Saved data entries:
════════
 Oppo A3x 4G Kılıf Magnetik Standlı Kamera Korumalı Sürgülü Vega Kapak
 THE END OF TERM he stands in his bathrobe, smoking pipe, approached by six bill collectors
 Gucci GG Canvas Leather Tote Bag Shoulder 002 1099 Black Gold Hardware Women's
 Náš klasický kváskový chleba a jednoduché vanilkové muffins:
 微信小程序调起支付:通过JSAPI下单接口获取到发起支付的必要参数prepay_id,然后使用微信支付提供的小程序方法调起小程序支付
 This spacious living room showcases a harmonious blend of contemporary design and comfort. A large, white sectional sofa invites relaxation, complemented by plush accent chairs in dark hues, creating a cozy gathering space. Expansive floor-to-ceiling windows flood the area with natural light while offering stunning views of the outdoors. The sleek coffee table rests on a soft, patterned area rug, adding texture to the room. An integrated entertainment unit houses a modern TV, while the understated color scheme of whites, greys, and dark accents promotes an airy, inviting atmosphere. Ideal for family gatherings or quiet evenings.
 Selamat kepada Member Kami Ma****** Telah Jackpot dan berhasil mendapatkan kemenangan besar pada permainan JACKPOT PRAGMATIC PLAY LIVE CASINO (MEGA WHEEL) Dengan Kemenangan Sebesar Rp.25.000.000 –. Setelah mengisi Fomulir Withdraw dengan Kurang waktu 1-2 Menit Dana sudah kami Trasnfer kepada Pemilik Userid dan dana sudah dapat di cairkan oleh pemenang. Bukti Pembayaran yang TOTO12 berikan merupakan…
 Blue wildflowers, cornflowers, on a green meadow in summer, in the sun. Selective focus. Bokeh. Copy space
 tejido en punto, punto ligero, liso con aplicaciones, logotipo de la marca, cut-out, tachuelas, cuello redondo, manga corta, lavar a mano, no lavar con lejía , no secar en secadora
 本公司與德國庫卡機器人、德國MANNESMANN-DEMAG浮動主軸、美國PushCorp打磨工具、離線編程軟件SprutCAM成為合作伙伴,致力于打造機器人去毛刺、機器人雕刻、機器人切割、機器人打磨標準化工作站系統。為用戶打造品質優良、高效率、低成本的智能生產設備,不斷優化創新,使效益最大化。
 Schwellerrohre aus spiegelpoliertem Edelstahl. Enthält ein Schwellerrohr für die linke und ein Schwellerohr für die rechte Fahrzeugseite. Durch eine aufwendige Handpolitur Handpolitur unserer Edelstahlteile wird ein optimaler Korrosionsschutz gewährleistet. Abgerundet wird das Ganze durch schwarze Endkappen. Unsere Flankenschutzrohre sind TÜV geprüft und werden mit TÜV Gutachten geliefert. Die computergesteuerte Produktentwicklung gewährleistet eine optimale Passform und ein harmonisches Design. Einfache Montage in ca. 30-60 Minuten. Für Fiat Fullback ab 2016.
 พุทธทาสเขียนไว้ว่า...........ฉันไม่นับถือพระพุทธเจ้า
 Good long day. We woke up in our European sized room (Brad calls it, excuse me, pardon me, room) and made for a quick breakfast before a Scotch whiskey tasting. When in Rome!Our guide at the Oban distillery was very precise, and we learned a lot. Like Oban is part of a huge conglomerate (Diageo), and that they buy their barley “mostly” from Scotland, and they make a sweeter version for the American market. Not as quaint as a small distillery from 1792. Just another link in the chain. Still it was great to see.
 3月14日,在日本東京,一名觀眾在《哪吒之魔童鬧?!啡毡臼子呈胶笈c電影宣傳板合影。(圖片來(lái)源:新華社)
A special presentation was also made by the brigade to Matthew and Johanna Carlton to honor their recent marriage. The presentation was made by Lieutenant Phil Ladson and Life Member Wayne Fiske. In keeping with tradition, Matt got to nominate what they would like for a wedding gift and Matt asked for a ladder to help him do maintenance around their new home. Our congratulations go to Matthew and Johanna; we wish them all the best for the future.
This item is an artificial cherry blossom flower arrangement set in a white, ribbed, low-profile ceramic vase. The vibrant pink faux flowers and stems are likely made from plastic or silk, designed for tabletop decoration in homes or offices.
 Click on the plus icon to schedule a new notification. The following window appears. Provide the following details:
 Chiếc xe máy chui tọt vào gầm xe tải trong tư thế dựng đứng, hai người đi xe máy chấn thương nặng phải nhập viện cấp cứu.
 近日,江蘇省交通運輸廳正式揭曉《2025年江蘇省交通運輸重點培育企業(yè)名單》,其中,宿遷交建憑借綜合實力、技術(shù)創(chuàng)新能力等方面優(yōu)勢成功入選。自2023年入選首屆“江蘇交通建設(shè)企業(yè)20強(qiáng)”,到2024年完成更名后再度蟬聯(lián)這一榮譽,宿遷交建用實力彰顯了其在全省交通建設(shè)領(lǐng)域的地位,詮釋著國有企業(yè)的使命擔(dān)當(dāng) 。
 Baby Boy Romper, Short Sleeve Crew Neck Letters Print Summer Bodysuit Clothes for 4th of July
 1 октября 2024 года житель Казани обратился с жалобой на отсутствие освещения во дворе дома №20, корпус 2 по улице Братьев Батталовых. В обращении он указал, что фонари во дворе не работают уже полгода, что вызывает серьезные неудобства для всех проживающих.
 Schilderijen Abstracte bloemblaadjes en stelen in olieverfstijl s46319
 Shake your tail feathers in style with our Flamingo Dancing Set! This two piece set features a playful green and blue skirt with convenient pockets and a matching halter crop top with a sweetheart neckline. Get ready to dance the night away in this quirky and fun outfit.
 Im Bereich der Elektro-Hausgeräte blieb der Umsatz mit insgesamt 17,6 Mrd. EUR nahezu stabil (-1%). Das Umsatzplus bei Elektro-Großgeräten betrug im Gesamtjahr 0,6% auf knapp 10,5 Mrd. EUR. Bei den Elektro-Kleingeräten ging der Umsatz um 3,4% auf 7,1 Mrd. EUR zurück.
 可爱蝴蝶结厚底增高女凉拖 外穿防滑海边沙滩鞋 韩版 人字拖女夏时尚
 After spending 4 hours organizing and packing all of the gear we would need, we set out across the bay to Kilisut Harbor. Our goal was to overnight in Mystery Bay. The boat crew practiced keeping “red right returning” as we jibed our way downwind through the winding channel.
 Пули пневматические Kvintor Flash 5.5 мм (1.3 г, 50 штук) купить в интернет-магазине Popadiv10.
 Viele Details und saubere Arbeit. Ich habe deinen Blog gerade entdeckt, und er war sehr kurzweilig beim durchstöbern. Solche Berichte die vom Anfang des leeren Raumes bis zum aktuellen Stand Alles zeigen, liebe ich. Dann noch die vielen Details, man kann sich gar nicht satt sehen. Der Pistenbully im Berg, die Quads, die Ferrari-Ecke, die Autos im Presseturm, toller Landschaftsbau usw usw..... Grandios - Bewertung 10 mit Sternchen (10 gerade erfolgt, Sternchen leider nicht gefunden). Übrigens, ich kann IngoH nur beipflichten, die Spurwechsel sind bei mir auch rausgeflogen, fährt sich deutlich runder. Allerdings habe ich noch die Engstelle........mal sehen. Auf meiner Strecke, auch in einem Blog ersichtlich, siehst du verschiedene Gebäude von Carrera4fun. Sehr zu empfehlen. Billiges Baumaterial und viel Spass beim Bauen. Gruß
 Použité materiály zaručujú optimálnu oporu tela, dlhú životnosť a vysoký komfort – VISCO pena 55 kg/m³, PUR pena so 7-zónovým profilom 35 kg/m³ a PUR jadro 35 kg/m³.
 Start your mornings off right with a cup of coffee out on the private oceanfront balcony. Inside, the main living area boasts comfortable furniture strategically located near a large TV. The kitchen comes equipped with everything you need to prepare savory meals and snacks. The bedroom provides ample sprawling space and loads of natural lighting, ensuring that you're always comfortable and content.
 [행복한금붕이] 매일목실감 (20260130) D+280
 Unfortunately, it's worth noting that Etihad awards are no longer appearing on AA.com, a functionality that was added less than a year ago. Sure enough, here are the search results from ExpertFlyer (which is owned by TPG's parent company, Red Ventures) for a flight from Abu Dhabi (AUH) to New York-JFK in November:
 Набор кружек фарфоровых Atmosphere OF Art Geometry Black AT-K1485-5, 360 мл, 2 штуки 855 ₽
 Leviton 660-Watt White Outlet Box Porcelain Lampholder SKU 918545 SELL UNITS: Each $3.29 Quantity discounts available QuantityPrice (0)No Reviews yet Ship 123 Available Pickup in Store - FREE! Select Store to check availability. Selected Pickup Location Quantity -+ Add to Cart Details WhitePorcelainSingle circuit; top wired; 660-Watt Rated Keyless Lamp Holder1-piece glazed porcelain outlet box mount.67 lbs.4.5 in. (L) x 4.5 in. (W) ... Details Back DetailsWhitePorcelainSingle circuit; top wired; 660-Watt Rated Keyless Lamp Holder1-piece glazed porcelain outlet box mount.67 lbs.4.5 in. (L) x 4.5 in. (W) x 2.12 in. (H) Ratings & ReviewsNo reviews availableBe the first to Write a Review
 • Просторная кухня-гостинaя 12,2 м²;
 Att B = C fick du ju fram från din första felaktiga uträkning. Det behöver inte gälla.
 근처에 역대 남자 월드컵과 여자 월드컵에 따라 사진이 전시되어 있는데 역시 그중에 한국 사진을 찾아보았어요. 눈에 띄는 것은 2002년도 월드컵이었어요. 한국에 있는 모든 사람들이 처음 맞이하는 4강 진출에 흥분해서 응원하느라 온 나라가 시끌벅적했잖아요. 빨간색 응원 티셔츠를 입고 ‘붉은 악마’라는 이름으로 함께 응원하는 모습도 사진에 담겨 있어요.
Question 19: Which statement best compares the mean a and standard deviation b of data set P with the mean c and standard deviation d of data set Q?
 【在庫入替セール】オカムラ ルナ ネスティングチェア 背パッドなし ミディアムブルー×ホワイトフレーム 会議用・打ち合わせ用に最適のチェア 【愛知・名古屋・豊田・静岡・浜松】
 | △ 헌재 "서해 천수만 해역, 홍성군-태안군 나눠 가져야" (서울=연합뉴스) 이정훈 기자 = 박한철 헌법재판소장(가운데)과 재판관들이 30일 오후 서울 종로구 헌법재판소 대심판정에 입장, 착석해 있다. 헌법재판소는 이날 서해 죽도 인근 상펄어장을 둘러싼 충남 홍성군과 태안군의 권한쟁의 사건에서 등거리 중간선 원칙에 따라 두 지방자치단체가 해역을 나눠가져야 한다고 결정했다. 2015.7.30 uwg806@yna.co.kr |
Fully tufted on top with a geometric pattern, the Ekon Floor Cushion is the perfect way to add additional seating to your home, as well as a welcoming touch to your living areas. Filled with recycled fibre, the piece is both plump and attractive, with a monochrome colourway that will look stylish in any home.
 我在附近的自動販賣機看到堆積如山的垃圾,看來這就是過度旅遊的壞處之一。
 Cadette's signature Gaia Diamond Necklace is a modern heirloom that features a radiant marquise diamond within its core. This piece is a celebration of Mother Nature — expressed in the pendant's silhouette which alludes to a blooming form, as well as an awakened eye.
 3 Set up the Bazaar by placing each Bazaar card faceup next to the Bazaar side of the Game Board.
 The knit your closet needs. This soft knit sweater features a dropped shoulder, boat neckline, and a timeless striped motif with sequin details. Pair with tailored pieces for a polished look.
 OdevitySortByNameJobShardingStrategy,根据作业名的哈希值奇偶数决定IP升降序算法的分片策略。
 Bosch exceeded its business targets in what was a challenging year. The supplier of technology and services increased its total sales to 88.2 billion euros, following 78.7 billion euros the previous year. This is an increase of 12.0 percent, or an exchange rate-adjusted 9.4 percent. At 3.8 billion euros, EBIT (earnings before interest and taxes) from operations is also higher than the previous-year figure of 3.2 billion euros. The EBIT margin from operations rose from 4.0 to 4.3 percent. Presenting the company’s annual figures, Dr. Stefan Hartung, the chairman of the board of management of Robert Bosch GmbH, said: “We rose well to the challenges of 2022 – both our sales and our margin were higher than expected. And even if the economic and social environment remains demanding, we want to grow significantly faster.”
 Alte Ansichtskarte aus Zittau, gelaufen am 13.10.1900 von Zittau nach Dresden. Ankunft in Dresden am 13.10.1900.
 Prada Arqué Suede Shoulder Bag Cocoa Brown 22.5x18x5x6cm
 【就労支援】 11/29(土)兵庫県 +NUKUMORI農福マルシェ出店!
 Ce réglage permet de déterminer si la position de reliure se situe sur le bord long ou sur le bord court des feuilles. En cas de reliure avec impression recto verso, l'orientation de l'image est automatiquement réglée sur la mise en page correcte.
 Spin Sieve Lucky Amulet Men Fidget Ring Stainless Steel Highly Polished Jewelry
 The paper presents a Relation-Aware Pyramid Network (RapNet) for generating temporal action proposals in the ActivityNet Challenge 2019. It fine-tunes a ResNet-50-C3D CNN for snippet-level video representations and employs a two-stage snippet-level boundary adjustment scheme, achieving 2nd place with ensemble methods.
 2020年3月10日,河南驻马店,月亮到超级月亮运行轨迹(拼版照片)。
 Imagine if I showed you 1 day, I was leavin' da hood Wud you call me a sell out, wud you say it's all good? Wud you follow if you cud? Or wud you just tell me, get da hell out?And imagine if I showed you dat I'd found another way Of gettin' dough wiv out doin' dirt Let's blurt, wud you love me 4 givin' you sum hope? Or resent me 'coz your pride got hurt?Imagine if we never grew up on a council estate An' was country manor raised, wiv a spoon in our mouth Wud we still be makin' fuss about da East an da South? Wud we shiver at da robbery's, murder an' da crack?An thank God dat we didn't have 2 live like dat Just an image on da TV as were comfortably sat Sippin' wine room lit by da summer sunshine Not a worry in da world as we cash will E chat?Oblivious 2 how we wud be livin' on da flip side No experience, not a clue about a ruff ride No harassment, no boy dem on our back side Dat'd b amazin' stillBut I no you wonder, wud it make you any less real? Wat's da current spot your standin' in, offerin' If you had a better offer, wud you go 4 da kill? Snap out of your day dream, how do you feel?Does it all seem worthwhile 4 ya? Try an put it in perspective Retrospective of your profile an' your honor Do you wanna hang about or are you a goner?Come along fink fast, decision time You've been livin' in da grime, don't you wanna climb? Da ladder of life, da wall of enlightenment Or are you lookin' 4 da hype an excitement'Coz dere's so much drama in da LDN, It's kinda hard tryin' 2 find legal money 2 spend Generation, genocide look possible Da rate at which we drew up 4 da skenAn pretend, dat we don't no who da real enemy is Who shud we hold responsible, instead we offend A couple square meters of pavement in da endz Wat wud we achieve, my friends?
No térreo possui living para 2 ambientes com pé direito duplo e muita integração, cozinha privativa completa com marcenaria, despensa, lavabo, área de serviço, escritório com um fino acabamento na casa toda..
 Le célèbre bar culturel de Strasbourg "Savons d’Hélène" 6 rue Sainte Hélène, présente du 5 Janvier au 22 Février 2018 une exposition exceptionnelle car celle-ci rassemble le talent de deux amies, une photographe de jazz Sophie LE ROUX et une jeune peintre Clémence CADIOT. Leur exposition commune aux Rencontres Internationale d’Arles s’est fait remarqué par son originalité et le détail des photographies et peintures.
════════
→ Task objective: Would you copy, unchanged, the stretch of the records above that begins at the line containing "ミディアムブルー×ホワイトフレーム 会議用・打ち合わせ用に最適のチェア 【愛知・名古屋・豊田・静岡・浜松】" and ends at the line containing "Bosch exceeded its", and only that?

→ Exercise solution:
 【在庫入替セール】オカムラ ルナ ネスティングチェア 背パッドなし ミディアムブルー×ホワイトフレーム 会議用・打ち合わせ用に最適のチェア 【愛知・名古屋・豊田・静岡・浜松】
 | △ 헌재 "서해 천수만 해역, 홍성군-태안군 나눠 가져야" (서울=연합뉴스) 이정훈 기자 = 박한철 헌법재판소장(가운데)과 재판관들이 30일 오후 서울 종로구 헌법재판소 대심판정에 입장, 착석해 있다. 헌법재판소는 이날 서해 죽도 인근 상펄어장을 둘러싼 충남 홍성군과 태안군의 권한쟁의 사건에서 등거리 중간선 원칙에 따라 두 지방자치단체가 해역을 나눠가져야 한다고 결정했다. 2015.7.30 uwg806@yna.co.kr |
Fully tufted on top with a geometric pattern, the Ekon Floor Cushion is the perfect way to add additional seating to your home, as well as a welcoming touch to your living areas. Filled with recycled fibre, the piece is both plump and attractive, with a monochrome colourway that will look stylish in any home.
 我在附近的自動販賣機看到堆積如山的垃圾,看來這就是過度旅遊的壞處之一。
 Cadette's signature Gaia Diamond Necklace is a modern heirloom that features a radiant marquise diamond within its core. This piece is a celebration of Mother Nature — expressed in the pendant's silhouette which alludes to a blooming form, as well as an awakened eye.
 3 Set up the Bazaar by placing each Bazaar card faceup next to the Bazaar side of the Game Board.
 The knit your closet needs. This soft knit sweater features a dropped shoulder, boat neckline, and a timeless striped motif with sequin details. Pair with tailored pieces for a polished look.
 OdevitySortByNameJobShardingStrategy,根据作业名的哈希值奇偶数决定IP升降序算法的分片策略。
 Bosch exceeded its business targets in what was a challenging year. The supplier of technology and services increased its total sales to 88.2 billion euros, following 78.7 billion euros the previous year. This is an increase of 12.0 percent, or an exchange rate-adjusted 9.4 percent. At 3.8 billion euros, EBIT (earnings before interest and taxes) from operations is also higher than the previous-year figure of 3.2 billion euros. The EBIT margin from operations rose from 4.0 to 4.3 percent. Presenting the company’s annual figures, Dr. Stefan Hartung, the chairman of the board of management of Robert Bosch GmbH, said: “We rose well to the challenges of 2022 – both our sales and our margin were higher than expected. And even if the economic and social environment remains demanding, we want to grow significantly faster.”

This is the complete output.